Nazef is not concerned that Arafat has not given a firm date for those elections, however, “as long as Israel withdraws by April 13.”

“Any rules which will be imposed here will not be a dictatorship,” Nazef said. “Most important is that the leadership will be Palestinian and won’t deal with us like the Israeli authority of the occupation.”

There is little concern expressed here about Hamas rejectionists and their ability to torpedo the agreement.

LOCALS ARE HOPING FOR PROGRESS

Hammad said that in many cases, especially among the young, allegiance to the ideology of Hamas does not run deep, and if Palestinian self-rule is fair and efficient, they will shift their allegiance to the autonomy plan.

The locals also appear sanguine about the prospects for economic development, despite the reluctance of the international community to release money pledged for urgent infrastructure and economic projects in Jericho and Gaza.

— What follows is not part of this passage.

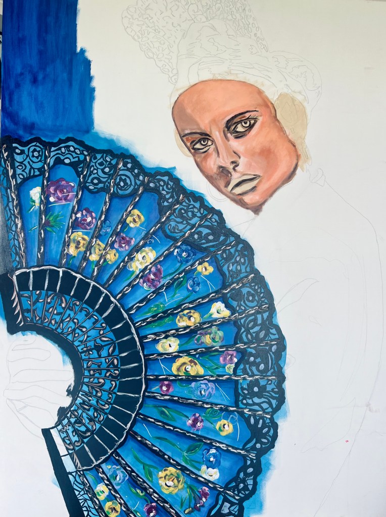 I rarely do portraits or faces for that matter. Complicated process and different level of skill set. Working on this piece at the moment. First layers, many more to go. My aim is to make her look less stern! 🙂

The donor countries have expressed mistrust of how Arafat will handle the money. They claim there are too many politicians and not enough expert economists involved.

Hammad is concerned that his people not expect too much when the aid finally arrives.

“If people expect (PLO) money to come in and be divided among them the way it was during the intifada,” he said, they will be disappointed.

Instead, he said, “we will create jobs and rebuild our city.”

But even with foreign aid and a fully implemented self-rule agreement, the people here have long memories.

“Since 1967 until this moment,” said Nazef, “Jericho has been the same, suffering from persecution from Israeli authority.”

“We believe the Palestinian tragedy began in 1917 with the Balfour Declaration,” Nazef said, “and our historical pages are filled with blood.

“I need a long time to teach my child how to love his neighbor,” he said, “because we have lived (so long) in an atmosphere like this.”